(Supplied material)
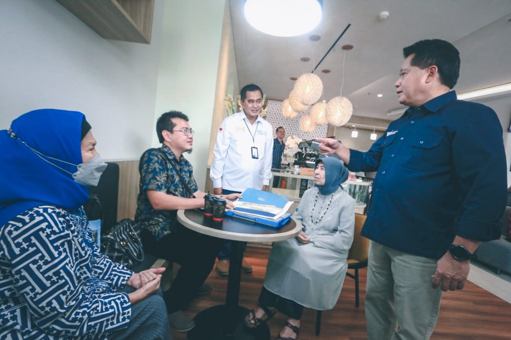 Direktur Utama BSI Hery Gunardi, dan RCEO BSI Jakarta 1 Deden Durachman Sedang meninjau layanan pelunasan biaya Haji nasabah Bank BSI seiring dengan pulihnya layanan cabang dan ATM Bank BSI.
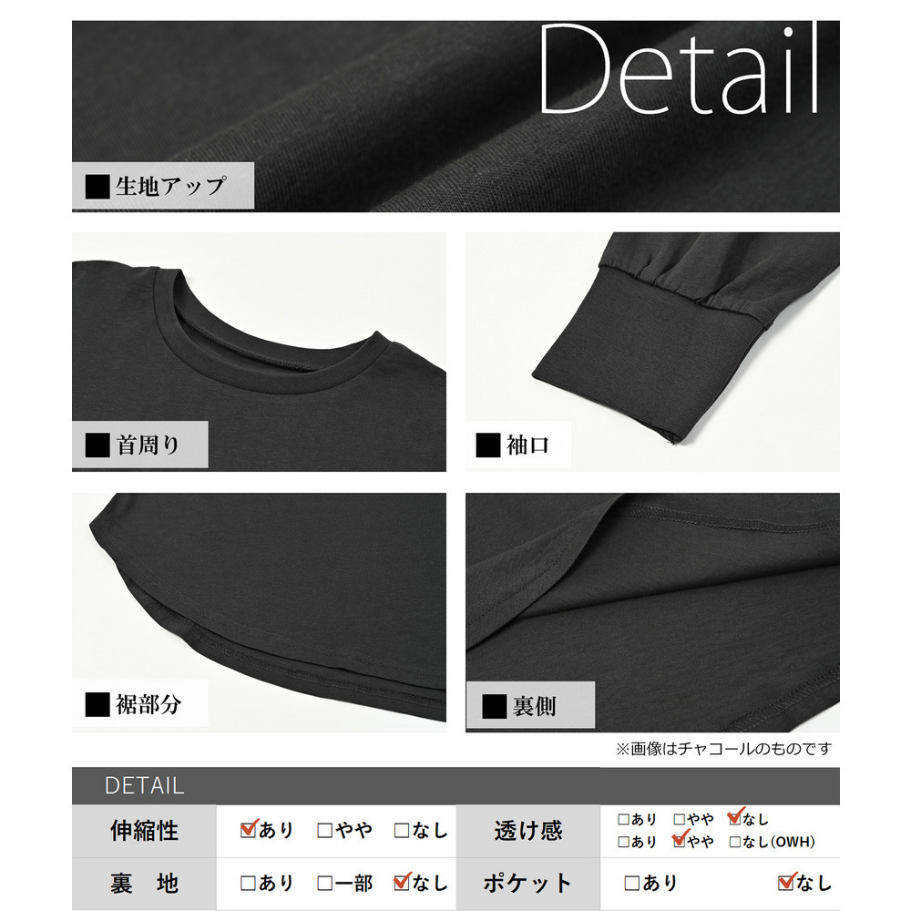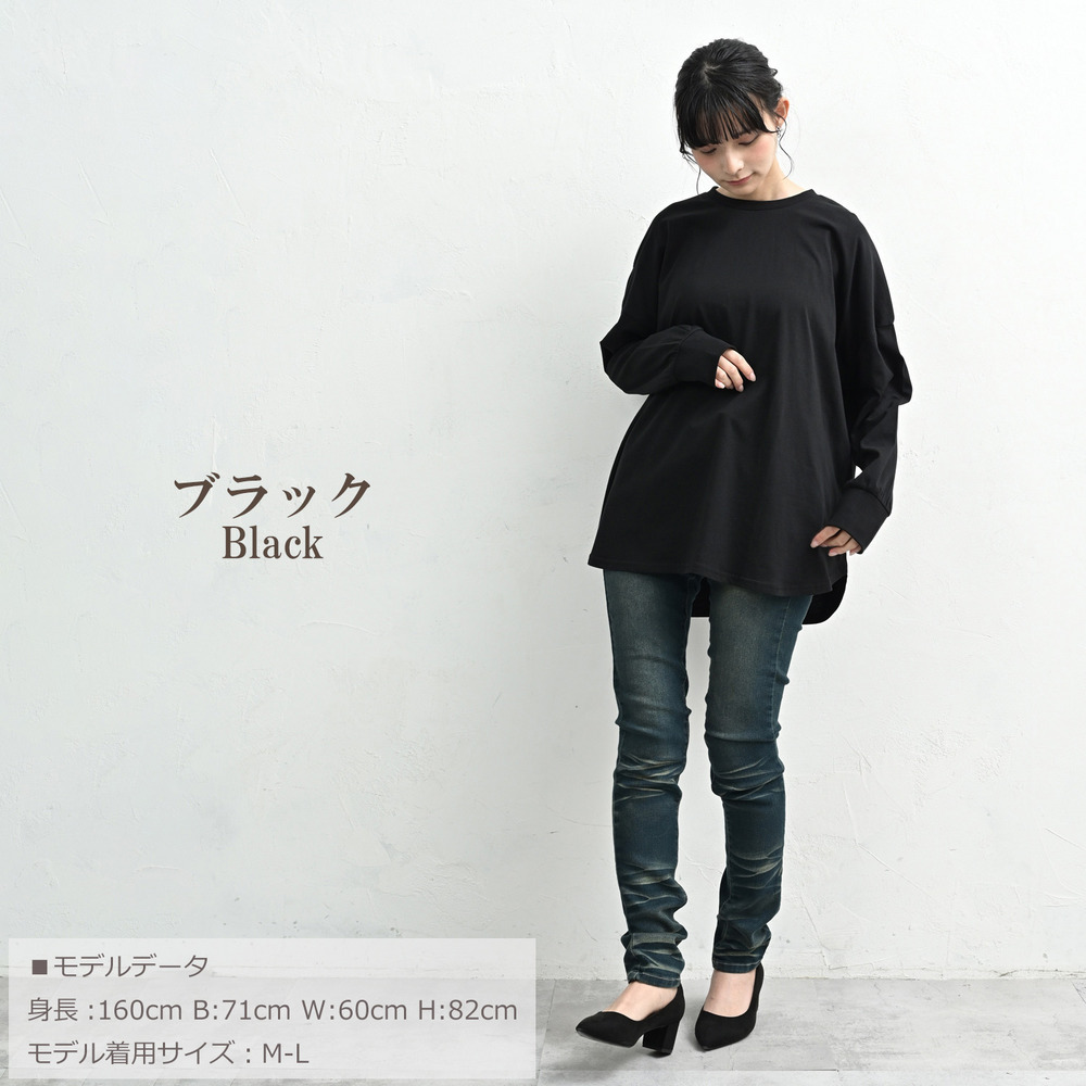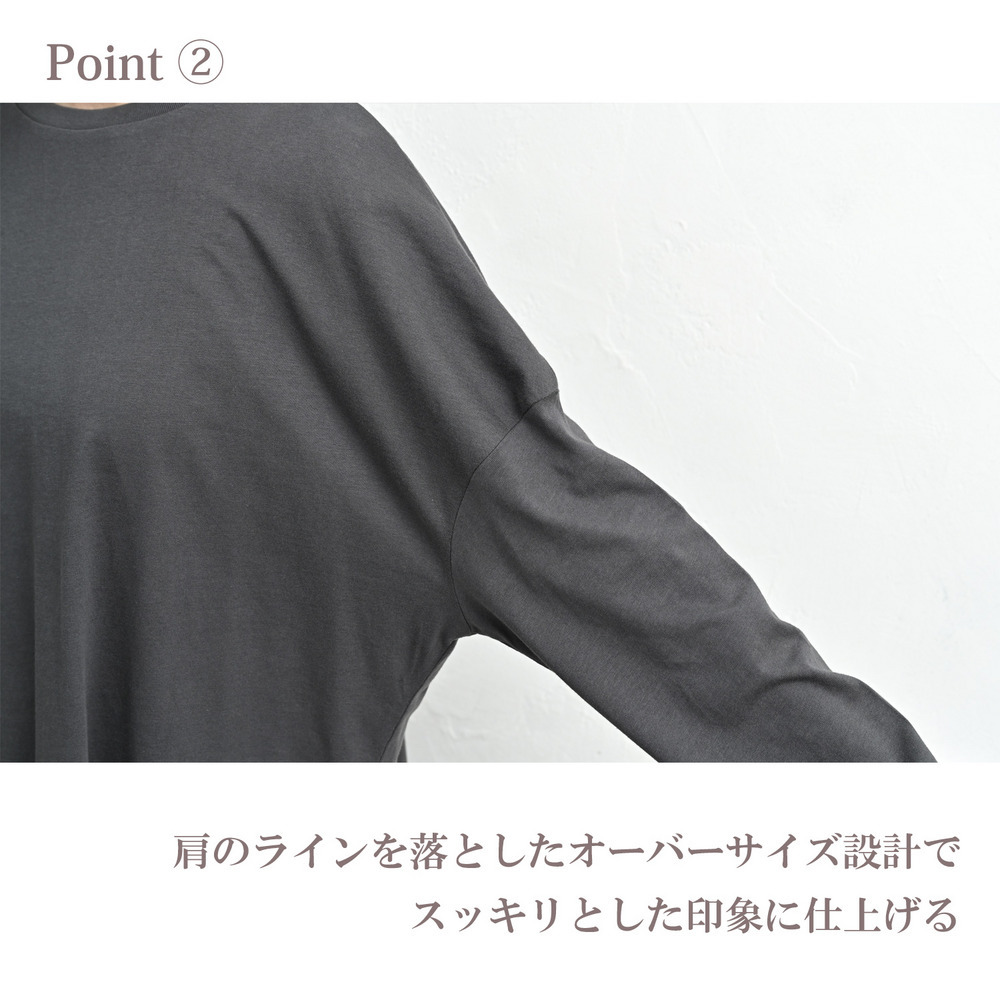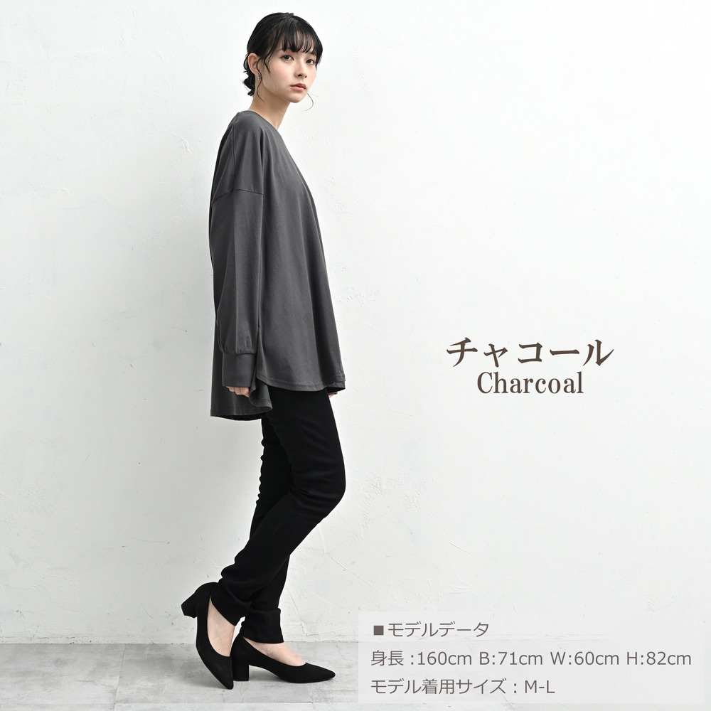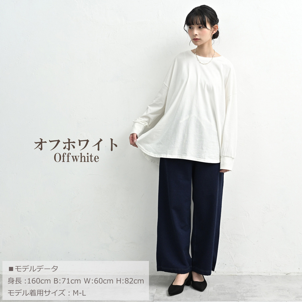 「一枚でも、重ね着でも。裾のラウンドラインが気になる腰周りを自然に優しくカバーしてくれます」
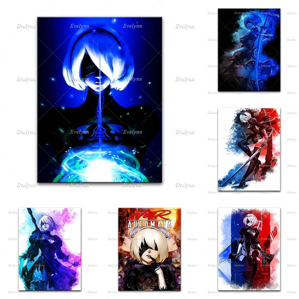 Картина с надписью NieR:Automata, Настенная картина, холст, плакат с красивой девушкой, картина, персонаж игры, Современный домашний декор, спальня

(What the task asks) Each line above should be set down exactly as written, with pictures excluded.

(Answer for this exercise)
 Direktur Utama BSI Hery Gunardi, dan RCEO BSI Jakarta 1 Deden Durachman Sedang meninjau layanan pelunasan biaya Haji nasabah Bank BSI seiring dengan pulihnya layanan cabang dan ATM Bank BSI.
 「一枚でも、重ね着でも。裾のラウンドラインが気になる腰周りを自然に優しくカバーしてくれます」
 Картина с надписью NieR:Automata, Настенная картина, холст, плакат с красивой девушкой, картина, персонаж игры, Современный домашний декор, спальня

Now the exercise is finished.